→ DATA TO EXAMINE:
************

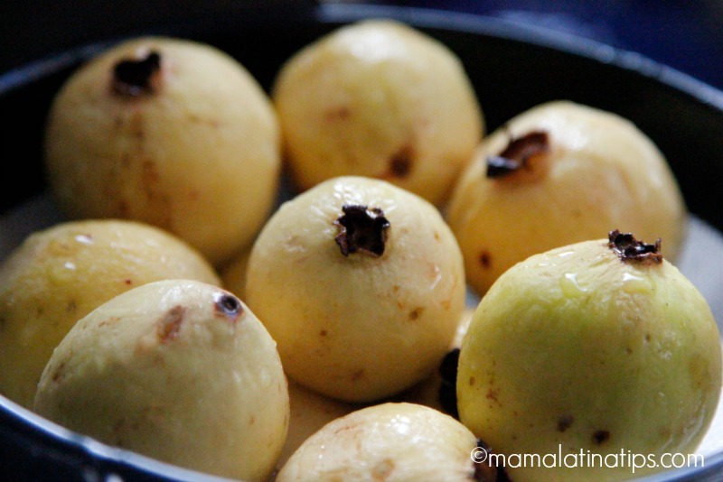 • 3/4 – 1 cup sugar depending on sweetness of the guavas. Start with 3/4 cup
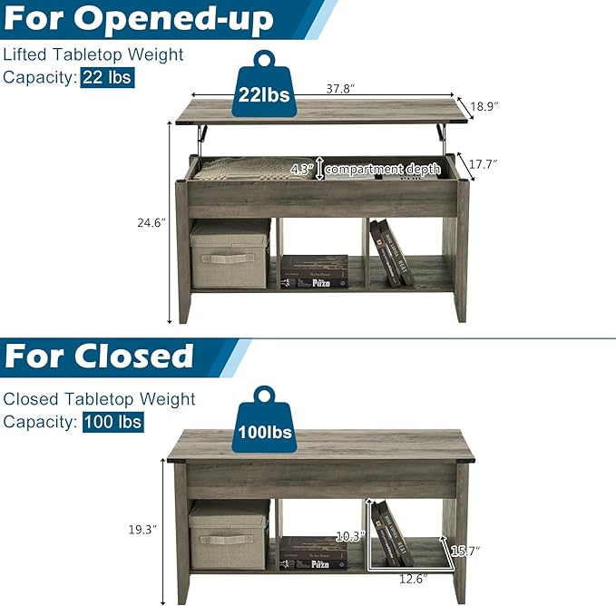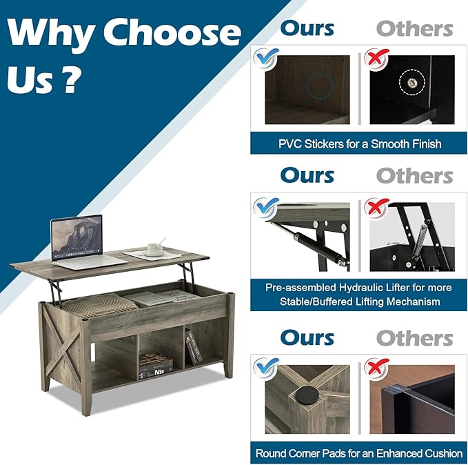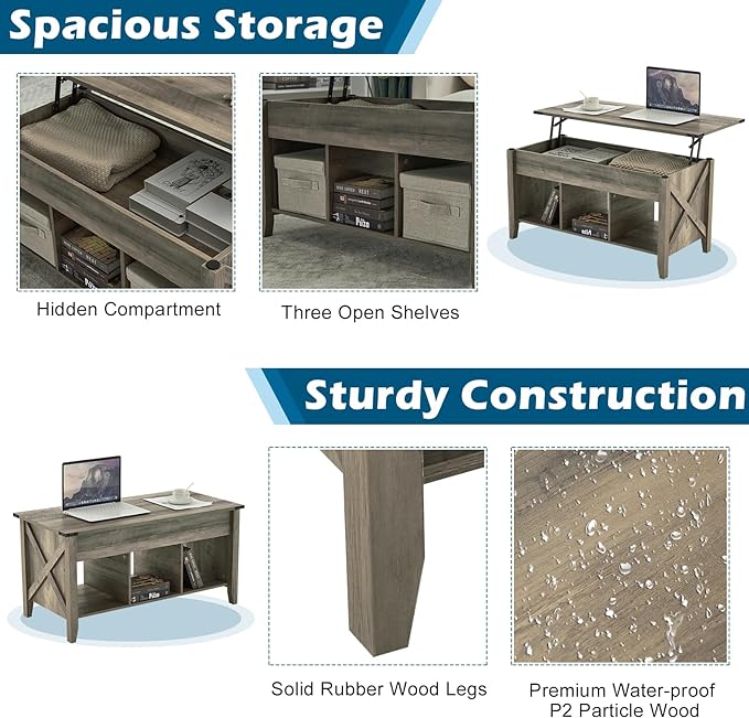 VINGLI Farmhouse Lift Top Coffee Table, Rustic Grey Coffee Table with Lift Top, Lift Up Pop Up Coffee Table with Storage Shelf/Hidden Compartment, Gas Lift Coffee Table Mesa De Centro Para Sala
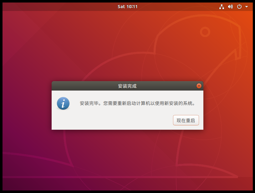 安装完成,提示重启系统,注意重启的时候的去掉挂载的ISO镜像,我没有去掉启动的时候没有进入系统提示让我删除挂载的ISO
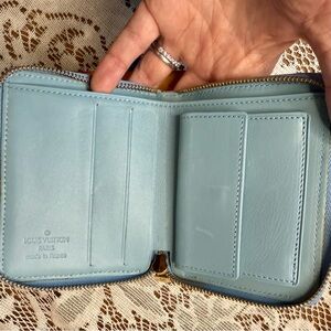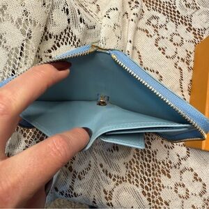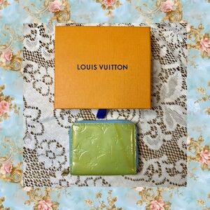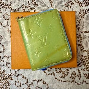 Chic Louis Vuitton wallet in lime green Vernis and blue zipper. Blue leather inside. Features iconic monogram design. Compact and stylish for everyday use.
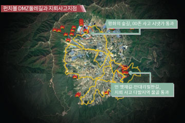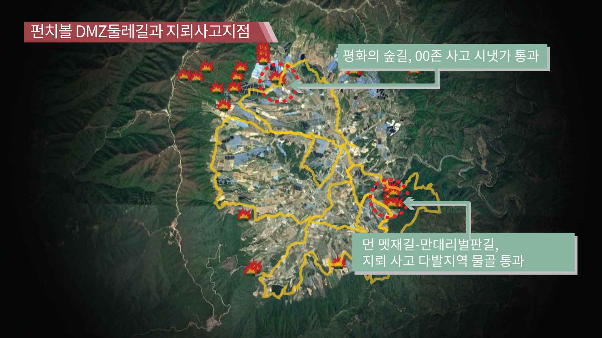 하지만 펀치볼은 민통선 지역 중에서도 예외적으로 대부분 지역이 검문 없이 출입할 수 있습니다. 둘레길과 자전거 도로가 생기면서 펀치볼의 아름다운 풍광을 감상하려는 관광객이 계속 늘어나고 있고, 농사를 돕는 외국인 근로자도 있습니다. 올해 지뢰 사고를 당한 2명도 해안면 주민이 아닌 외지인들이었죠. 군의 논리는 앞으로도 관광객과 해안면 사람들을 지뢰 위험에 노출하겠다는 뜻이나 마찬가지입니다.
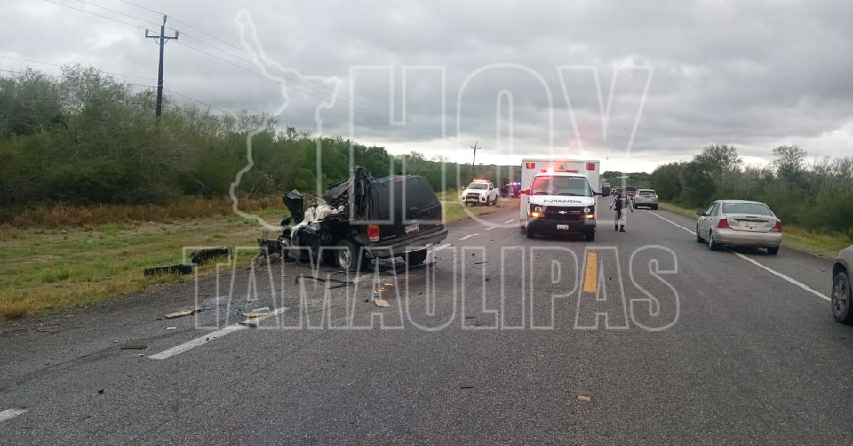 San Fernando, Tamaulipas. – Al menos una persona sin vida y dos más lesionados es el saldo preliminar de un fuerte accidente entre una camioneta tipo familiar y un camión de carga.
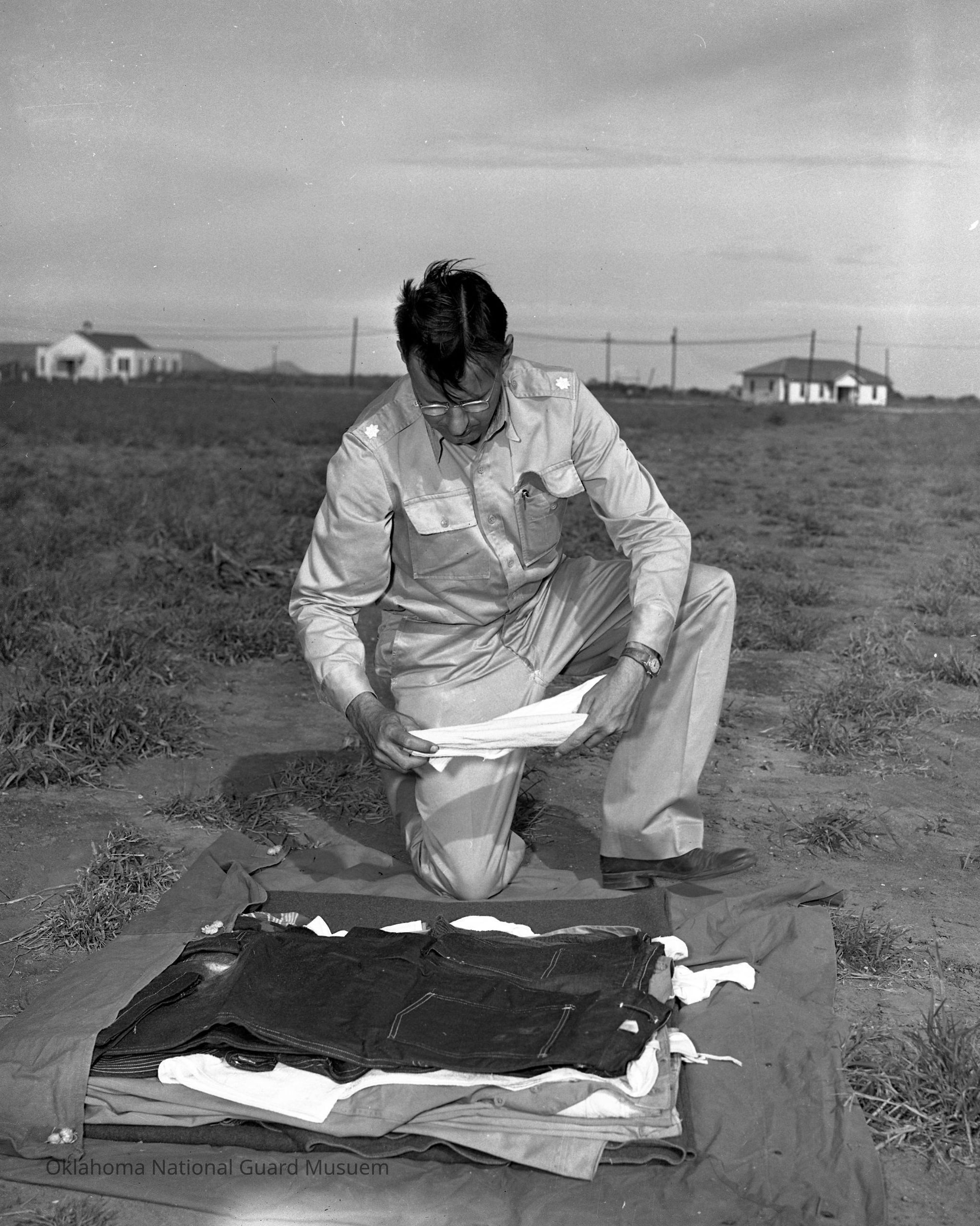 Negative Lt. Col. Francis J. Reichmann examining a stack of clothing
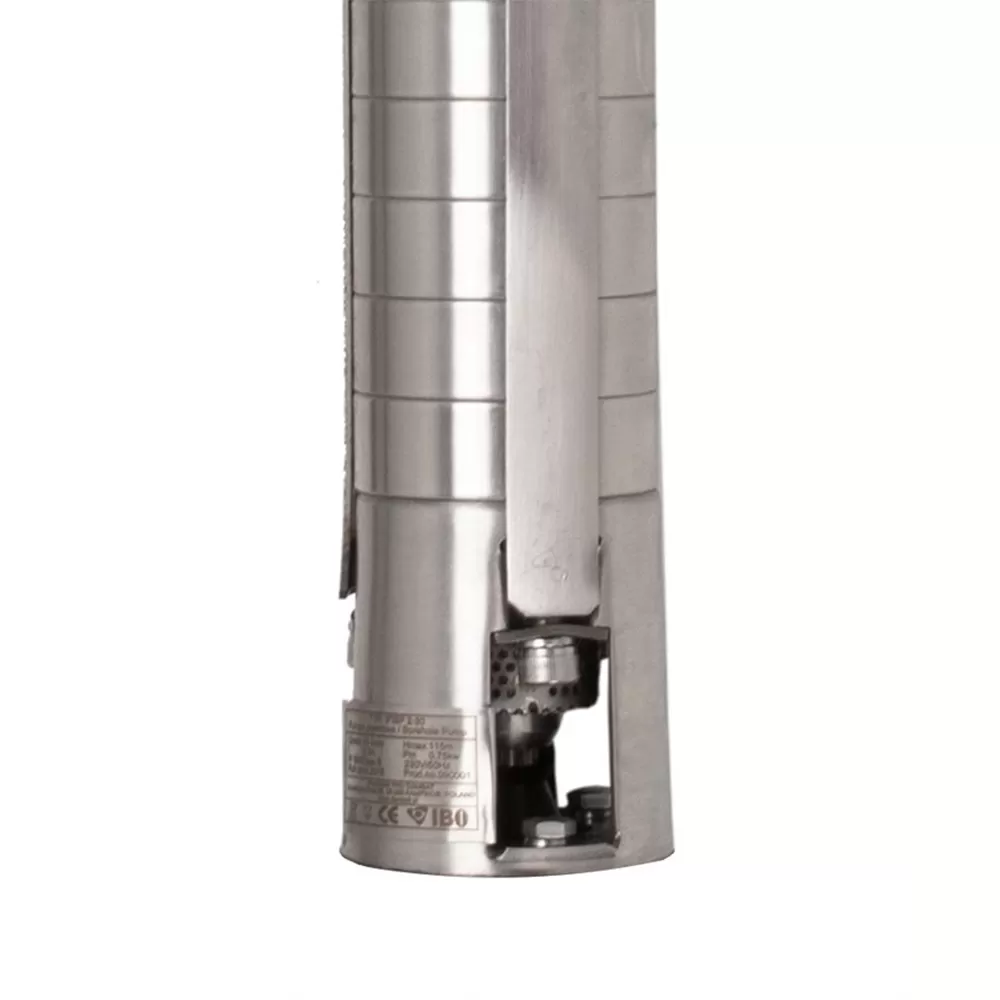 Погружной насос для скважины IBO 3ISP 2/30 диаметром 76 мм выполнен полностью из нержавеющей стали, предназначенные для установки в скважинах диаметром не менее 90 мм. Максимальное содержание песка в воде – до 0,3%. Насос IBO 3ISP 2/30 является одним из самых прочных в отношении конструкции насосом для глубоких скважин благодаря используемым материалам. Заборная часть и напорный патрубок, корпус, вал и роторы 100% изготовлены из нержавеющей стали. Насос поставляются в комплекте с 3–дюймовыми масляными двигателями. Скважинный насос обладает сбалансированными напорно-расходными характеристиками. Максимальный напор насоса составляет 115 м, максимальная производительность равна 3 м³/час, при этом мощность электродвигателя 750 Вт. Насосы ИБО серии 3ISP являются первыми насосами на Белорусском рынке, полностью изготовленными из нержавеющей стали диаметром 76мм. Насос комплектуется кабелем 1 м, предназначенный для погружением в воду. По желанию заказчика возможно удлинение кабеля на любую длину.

************

→ REQUIRED ACTION: What lines above run from the one with "安装完成,提示重启系统,注意" to the one with "하지만 펀치볼은 민통선"? Give them again exactly, ends included, and leave the pictures out.

→ SOLUTION TO THIS PROBLEM:
 安装完成,提示重启系统,注意重启的时候的去掉挂载的ISO镜像,我没有去掉启动的时候没有进入系统提示让我删除挂载的ISO
 Chic Louis Vuitton wallet in lime green Vernis and blue zipper. Blue leather inside. Features iconic monogram design. Compact and stylish for everyday use.
 하지만 펀치볼은 민통선 지역 중에서도 예외적으로 대부분 지역이 검문 없이 출입할 수 있습니다. 둘레길과 자전거 도로가 생기면서 펀치볼의 아름다운 풍광을 감상하려는 관광객이 계속 늘어나고 있고, 농사를 돕는 외국인 근로자도 있습니다. 올해 지뢰 사고를 당한 2명도 해안면 주민이 아닌 외지인들이었죠. 군의 논리는 앞으로도 관광객과 해안면 사람들을 지뢰 위험에 노출하겠다는 뜻이나 마찬가지입니다.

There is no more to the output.